* **Task brief**
Every line below must come back exactly as it stands, with the images omitted.

* **Data for the task**
*** Begin section ***

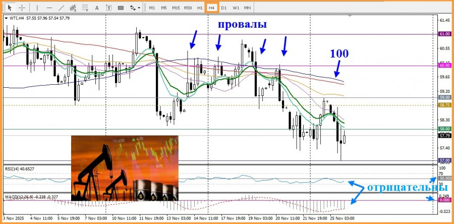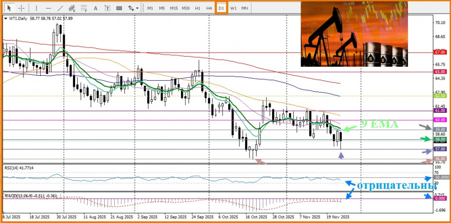 А с технической точки зрения, неоднократное падение цены на 4-часовом графике ниже 100-периодной простой скользящей средней, благоприятствует медведям. Осцилляторы на этом и дневном графике отрицательны, что тоже поддерживает медведей.Прочную поддержку цены нашли у круглого уровня $57,00, ниже которого цены ускорят падение к октябрьскому минимуму. А сопротивление у 9-дневной ЕМА перед круглым уровнем $58,00.
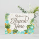 Rustic beach luau theme with tropical floral featuring plumeria, hibiscus, and pineapple thank you card.
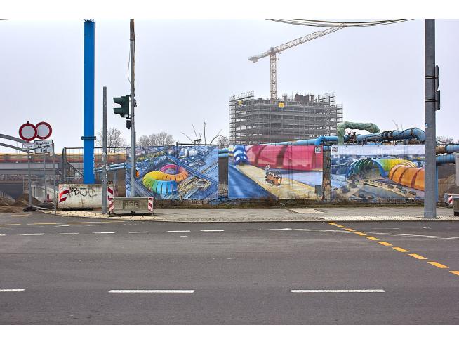 PROBLEM PROPERTY ist ein Kunstprojekt zur kritischen Begleitung aktueller Berliner Bauprojekte, das mit konkreten Gegenvorschlägen zum Erweiterungsbau des Estrel Hotels in Neukölln begonnen hat. Obwohl Bauvorhaben häufig weitreichende Konsequenzen für das Stadtbild mit sich bringen, finden die sie ermöglichenden Weichenstellungen oft unter Ausschluss der Öffentlichkeit statt. Die Initiator*innen wollen mit ihren Plakataktionen die entscheidenden Fragen zu diesen Bauvorhaben in die Öffentlichkeit tragen und damit verhandelbar machen: Für wen sind die Gebäude zugänglich? Wer kann sich die Miete leisten? Wie sind die architektonischen Entscheidungen zustande gekommen? (Die deutliche Überschreitung der Traufhöhe (also die maximal erlaubte Bauhöhe im jeweiligen Stadtteil) beim geplanten Estrel Tower in Neukölln ist zum Beispiel ein Indiz für die engen Verflechtungen von Wirtschaft und Politik). Die entwickelten Gegenvorschläge werden als digital erzeugte Renderings auf Bannerstoff gedruckt und im öffentlichen Raum am jeweiligen Baugrundstück an den Bauzäunen angebracht. Es sind fiktive Architekturen, die sowohl visionär als auch dystopisch sind. Sie können im positiven Sinne die Fantasie beflügeln, aber vor allem entlarven sie die großmaßstäblichen Dimensionen, mit denen diese Bauvorhaben einhergehen, sowie die luftigen (Marketingsprech-)Versprechen, mit denen sie angepriesen (und fatalerweise durchgesetzt) werden. Es folgen die Werbetexte der Counter Proposals für den Estrel Tower:
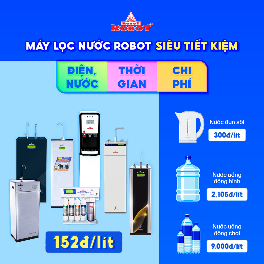 • Công nghệ RMC – LCD độc quyền, biết được chất lượng nước trước & sau lọc   Bộ vi mạch RMC-LCD thông minh thiết kế riêng của ROBOT, mọi chi tiết vận hành máy được hiển thị trên màn hình LCD, cảnh báo mọi rủi ro cho người sử dụng   Tuổi thọ lõi lọc được tính theo lưu lượng nước sử dụng, không tính theo thời gian ghim điện như các máy thông thường, tiết kiệm tối đa chi phí thay lõi lọc
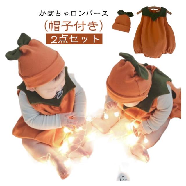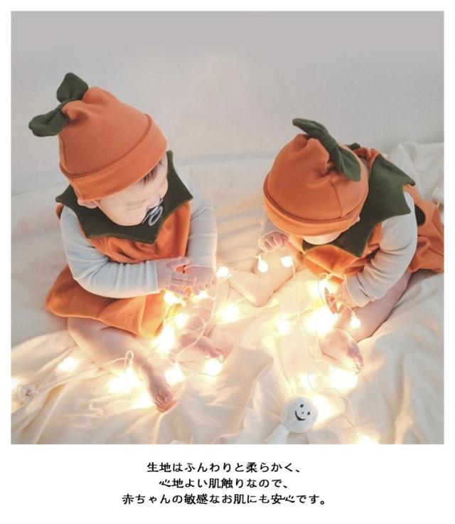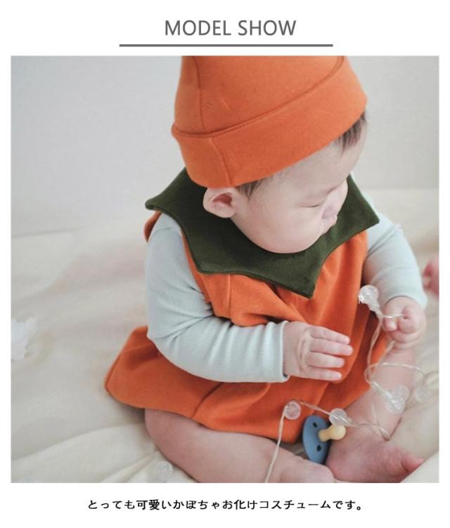 ベビー キッズ 衣装 孫 かぼちゃ コスチューム ベビー 2点セット 帽子付き 仮装 ハロウィン 子供 ロンパース baby halloween カボチャ 保育園 コスプレ パーティー パンプキン なりきり ハロウィーンコスプレ かぼちゃおばけ おばけ お祝い プレゼント
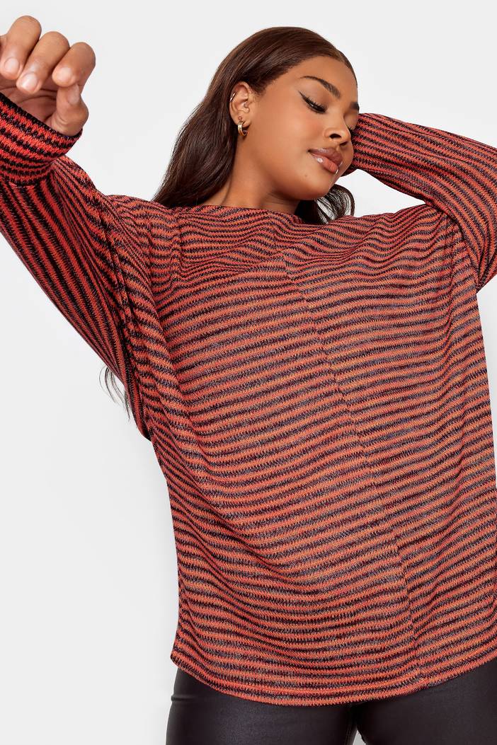 Yours Luxury Gestreepte Top Met Vleermuismouwen In Oranje, Dames Curve & Grote Maten Kleding, Yours Luxury Capsule Collection
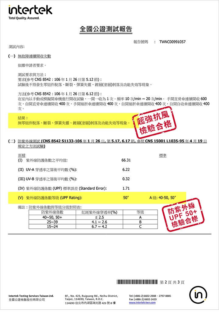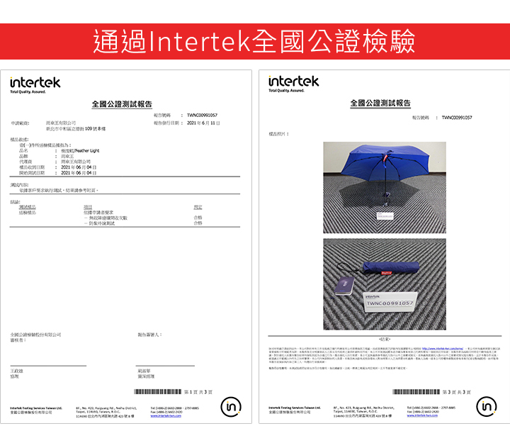 ☂經過第三方專業檢驗Intertek全國公證認證!
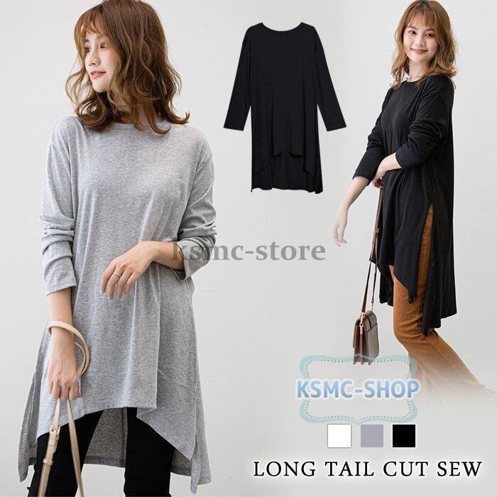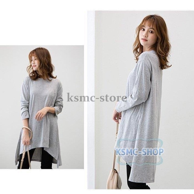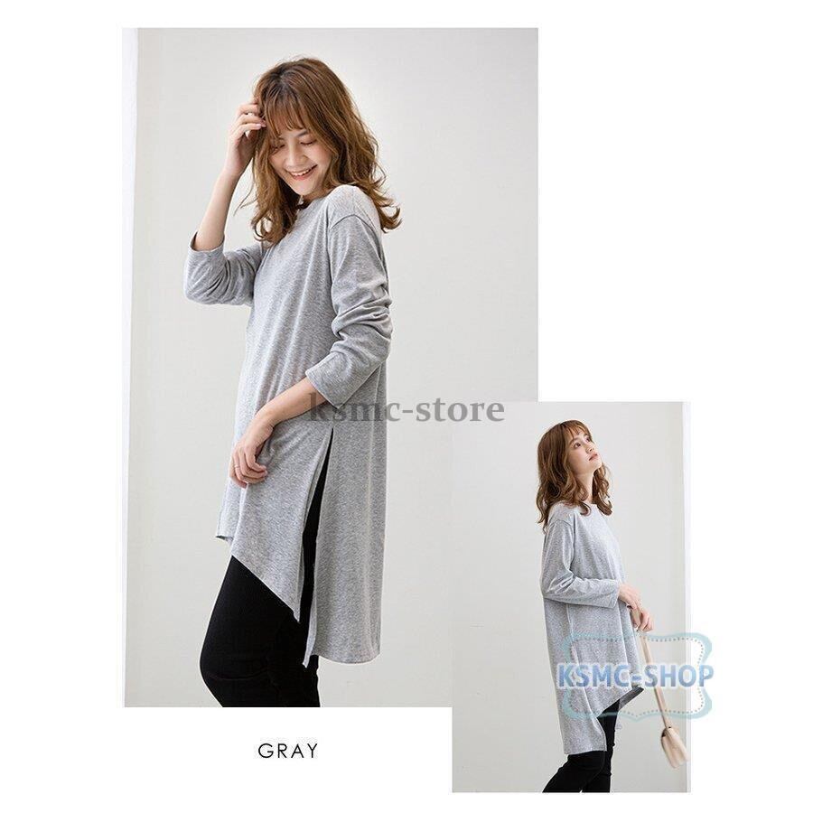 ロングシャツ シャツブラウス カットソー レディース 長袖 3色 チュニック 韓国風 7047
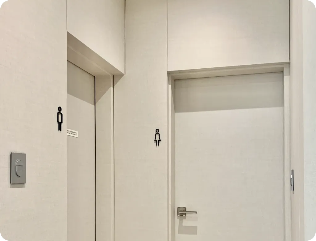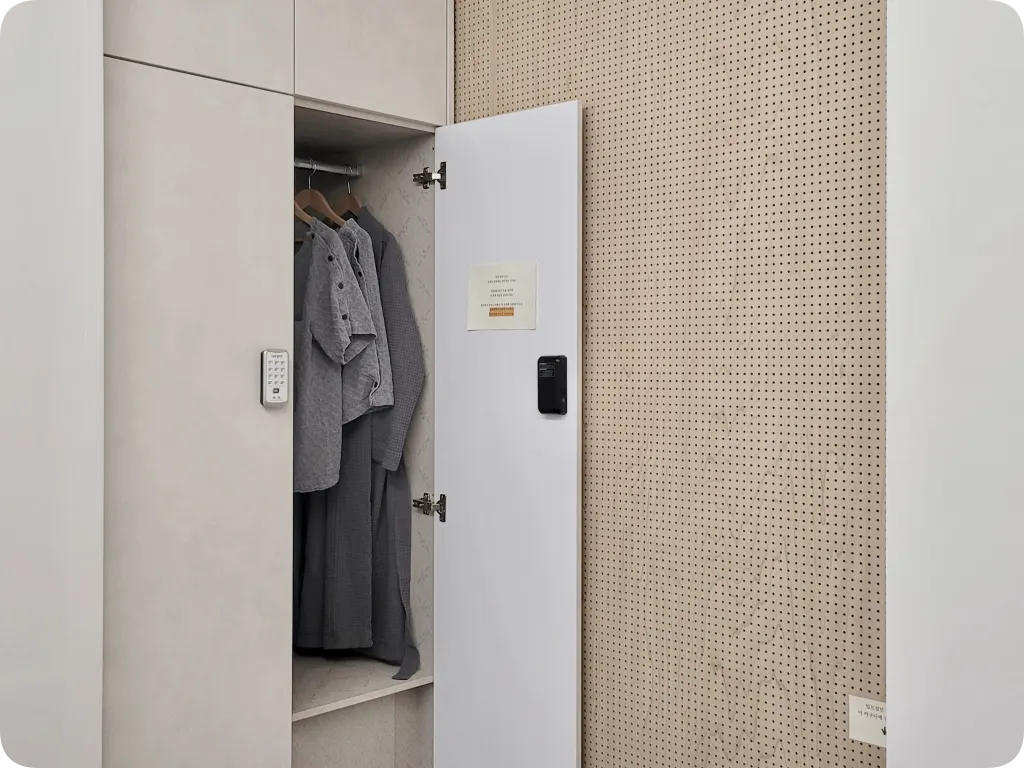 화장실을 사용하실 땐 출입문을 잘 잠그시고 전체 공간을 프라이빗하게 누리세요.
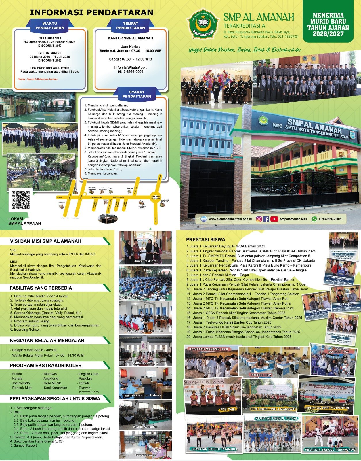 Sistem Penerimaan Siswa Baru (SPMB) SMP Al Amanah Tahun Ajaran 2026/2027 Telah di Buka. Sekolah yang beralamat di Jl. Raya Pupsiptek, Babakan Pocis, Bakti Jaya, Kota Tangerang Selatan telah eksis bersama membangun pendidikan dalam mencerdaskan kehidupan bangsa.

*** End section ***

* **Solution for this exercise**
 А с технической точки зрения, неоднократное падение цены на 4-часовом графике ниже 100-периодной простой скользящей средней, благоприятствует медведям. Осцилляторы на этом и дневном графике отрицательны, что тоже поддерживает медведей.Прочную поддержку цены нашли у круглого уровня $57,00, ниже которого цены ускорят падение к октябрьскому минимуму. А сопротивление у 9-дневной ЕМА перед круглым уровнем $58,00.
 Rustic beach luau theme with tropical floral featuring plumeria, hibiscus, and pineapple thank you card.
 PROBLEM PROPERTY ist ein Kunstprojekt zur kritischen Begleitung aktueller Berliner Bauprojekte, das mit konkreten Gegenvorschlägen zum Erweiterungsbau des Estrel Hotels in Neukölln begonnen hat. Obwohl Bauvorhaben häufig weitreichende Konsequenzen für das Stadtbild mit sich bringen, finden die sie ermöglichenden Weichenstellungen oft unter Ausschluss der Öffentlichkeit statt. Die Initiator*innen wollen mit ihren Plakataktionen die entscheidenden Fragen zu diesen Bauvorhaben in die Öffentlichkeit tragen und damit verhandelbar machen: Für wen sind die Gebäude zugänglich? Wer kann sich die Miete leisten? Wie sind die architektonischen Entscheidungen zustande gekommen? (Die deutliche Überschreitung der Traufhöhe (also die maximal erlaubte Bauhöhe im jeweiligen Stadtteil) beim geplanten Estrel Tower in Neukölln ist zum Beispiel ein Indiz für die engen Verflechtungen von Wirtschaft und Politik). Die entwickelten Gegenvorschläge werden als digital erzeugte Renderings auf Bannerstoff gedruckt und im öffentlichen Raum am jeweiligen Baugrundstück an den Bauzäunen angebracht. Es sind fiktive Architekturen, die sowohl visionär als auch dystopisch sind. Sie können im positiven Sinne die Fantasie beflügeln, aber vor allem entlarven sie die großmaßstäblichen Dimensionen, mit denen diese Bauvorhaben einhergehen, sowie die luftigen (Marketingsprech-)Versprechen, mit denen sie angepriesen (und fatalerweise durchgesetzt) werden. Es folgen die Werbetexte der Counter Proposals für den Estrel Tower:
 • Công nghệ RMC – LCD độc quyền, biết được chất lượng nước trước & sau lọc   Bộ vi mạch RMC-LCD thông minh thiết kế riêng của ROBOT, mọi chi tiết vận hành máy được hiển thị trên màn hình LCD, cảnh báo mọi rủi ro cho người sử dụng   Tuổi thọ lõi lọc được tính theo lưu lượng nước sử dụng, không tính theo thời gian ghim điện như các máy thông thường, tiết kiệm tối đa chi phí thay lõi lọc
 ベビー キッズ 衣装 孫 かぼちゃ コスチューム ベビー 2点セット 帽子付き 仮装 ハロウィン 子供 ロンパース baby halloween カボチャ 保育園 コスプレ パーティー パンプキン なりきり ハロウィーンコスプレ かぼちゃおばけ おばけ お祝い プレゼント
 Yours Luxury Gestreepte Top Met Vleermuismouwen In Oranje, Dames Curve & Grote Maten Kleding, Yours Luxury Capsule Collection
 ☂經過第三方專業檢驗Intertek全國公證認證!
 ロングシャツ シャツブラウス カットソー レディース 長袖 3色 チュニック 韓国風 7047
 화장실을 사용하실 땐 출입문을 잘 잠그시고 전체 공간을 프라이빗하게 누리세요.
 Sistem Penerimaan Siswa Baru (SPMB) SMP Al Amanah Tahun Ajaran 2026/2027 Telah di Buka. Sekolah yang beralamat di Jl. Raya Pupsiptek, Babakan Pocis, Bakti Jaya, Kota Tangerang Selatan telah eksis bersama membangun pendidikan dalam mencerdaskan kehidupan bangsa.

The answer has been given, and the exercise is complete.